There is no edge between the sorrow and the rain. I run out into the storm and feel its sullen chaos. Rain pricks my skull. Already this rain between us, erasing everything. Your dry footsteps. Sun glimmering through the spaces between every leaf, a cache of ancient gold. High larks filling the silverblue dawn. Ditches red like the first poppy you ever saw, dark-hearted and delicate. Your paintings so heavy I can’t even hold them in one hand. It’s all paint, you say, squinting in the sun. Paint upon paint, no money for new canvases. And they completely change. In the morning I wake up and everything that was dark is now white. Everything that was white is now black. You say that over time black on black becomes white on white. The edges are an archaeology of colour. The whip of white paint trailing along the foreground, the brush flicks from your hand like another perfect finger.

The truth is, no matter how close you get to another person, it will never be close enough.

We need the spaces in between, Lev says. The not-knowing. In between, the world is real.

But the most important thing is the thing we will never know.

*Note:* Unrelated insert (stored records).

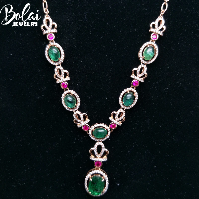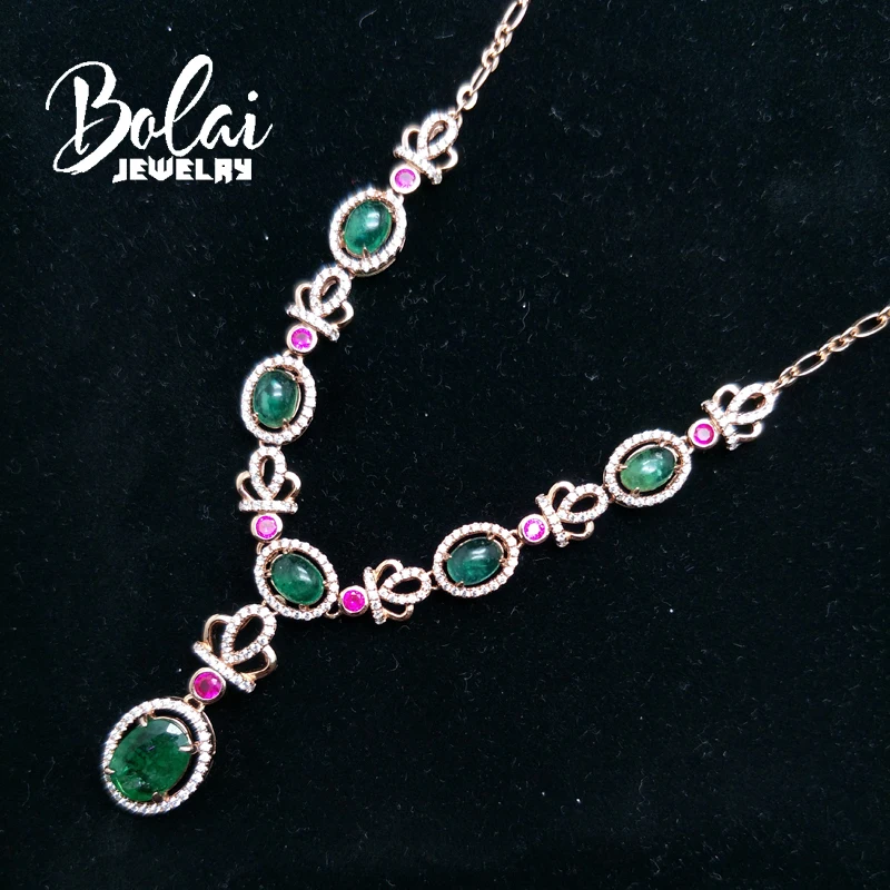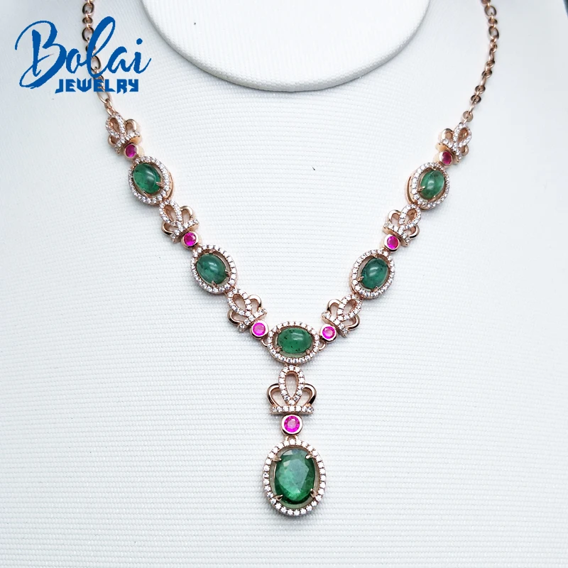 Product Name: Bolaijewelry ، الفاخرة النبيلة أنيقة تاج حزب قلادة الطبيعية الزمرد 925 روز الفضة الاسترليني الفضة غرامة مجوهرات كهدية
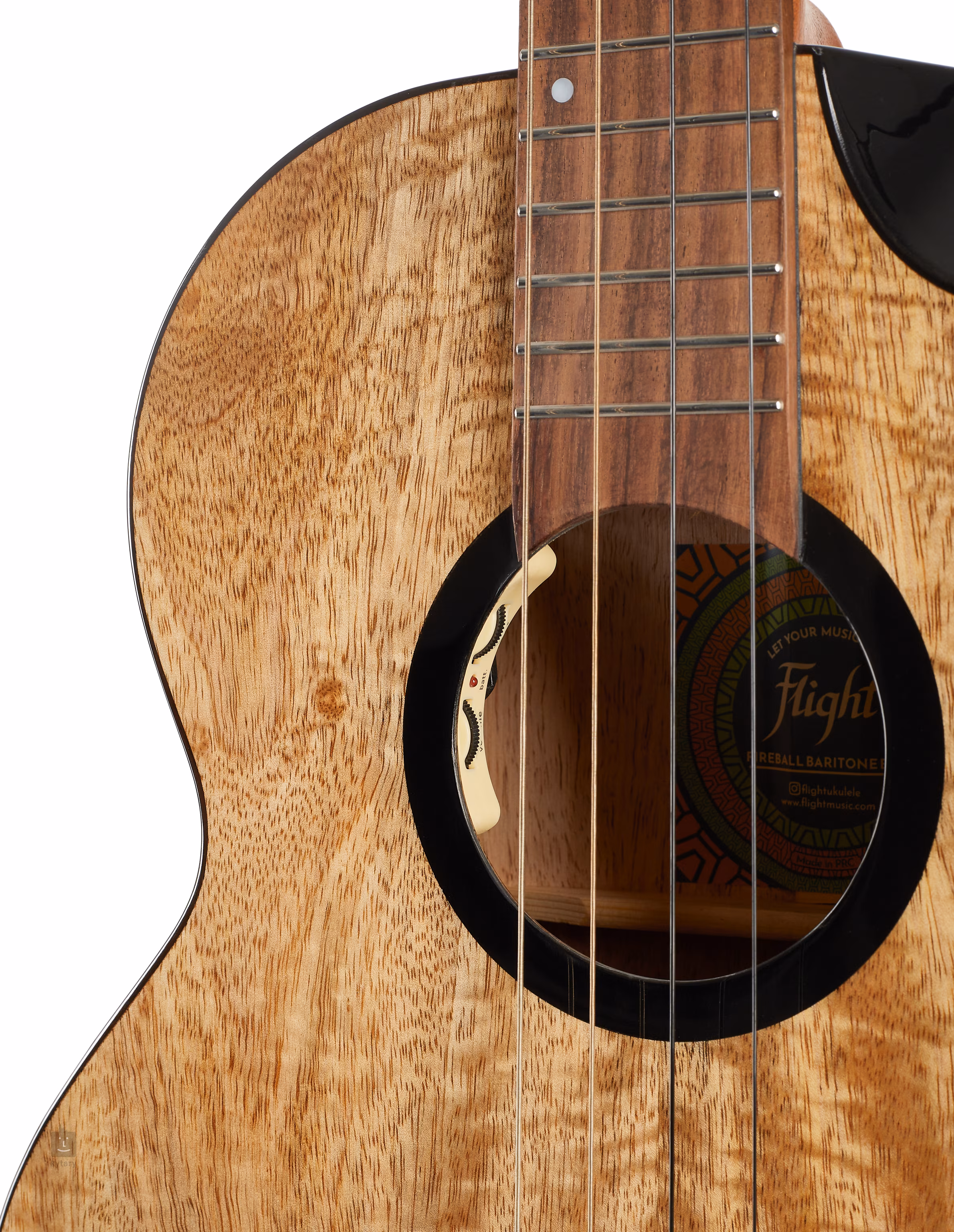 Korpus ukulele barytonowego Fireball wykonany jest z litego drewna mango, które oferuje piękne ciepłe, bogate brzmienie oraz ładne usłojenie. Materiał szyjki i podstrunnicy to wypróbowany i przetestowany afrykański mahoń i palisander stosowany w instrumentach premium. Dobre dopasowanie na wyższych pozycjach podstrunnicy jest ułatwione dzięki eleganckiemu wycięciu w dolnej części korpusu.
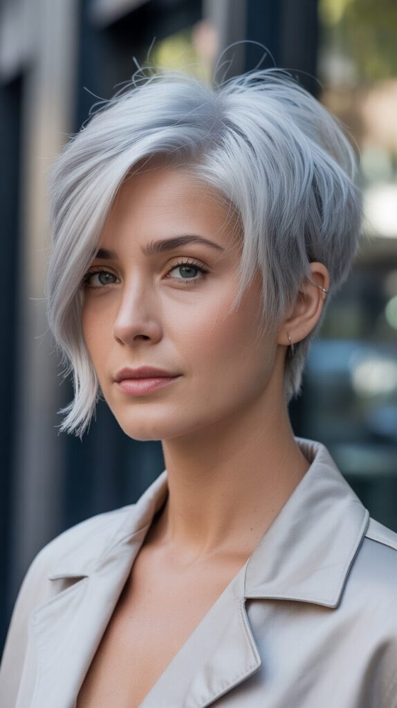 I love the way this silver pixie bob makes gray hair look intentional and stylish. The piecey texture feels so modern, particularly since it is done with a lightweight wax to separate sections to get that piecey appearance.

I look around the large room. How an open door and upturned papers can contain violence. I oscillate between numbness and a wretchedness that comes in waves, the kind that can pull you under. I am vile and old. Cracked, dull, lined, hollowed. Though when I flash in the mirror as I move by the front door, dark as a crow, this is not what is reflected back. I am a rain-ruined figure, but it is only my eyes that look off. It is only the old who look older in tragedy.

I wanted to see Lev go. That he has vanished makes no sense. I understand now why people want to see the dead. The open casket, the body dressed in finery for the angel of death. Glasses on unseeing eyes, jewellery, a bloodless decoration outlasting skin. Hair combed—untidy is diabolical. We so obviously want to witness the goodbye. As though our observances will lessen the fact that people can just vanish. But where do they go? The child’s question and the adult’s question are the same.

Lev’s cries in his sleep, warning calls. The one sound the recorder of sounds refuses to recognize. In rapture there is no room for anything else. Not even like a storm where there is calm in the eye. Rapture is a place where beauty rests entire. But I am reminded that everything is temporary. Nothing lasts. I try to picture his hands. I can see them perfectly. I know how he’s boned. The things that cannot be led away without witness. Still, the rain falls.

What are you thinking about? Skeet asks.

Weather, I tell him.

We don’t have a lot of time, he says. At the same moment we both realize how absurd this is. Like wrongly timed laughter that comes when moving furniture. Or at a funeral. Skeet’s laugh is low and infectious and makes me laugh.

I’ve lost my sense of time.

Maybe that’s a good thing.

I remember strange things, I say.

Like what?

I don’t know. Ridiculous things, like houseflies buzz in the key of F. Crustaceans are instrumentalists. Or during social moments in unusual surroundings, seahorses turn bright colours. Then I think of my father, for instance. I never had much time with him as a child, but sometimes we would say the same thing at the exact same moment. Something uncommon like, Through the din.

There is a sound above. Hold that thought, he says.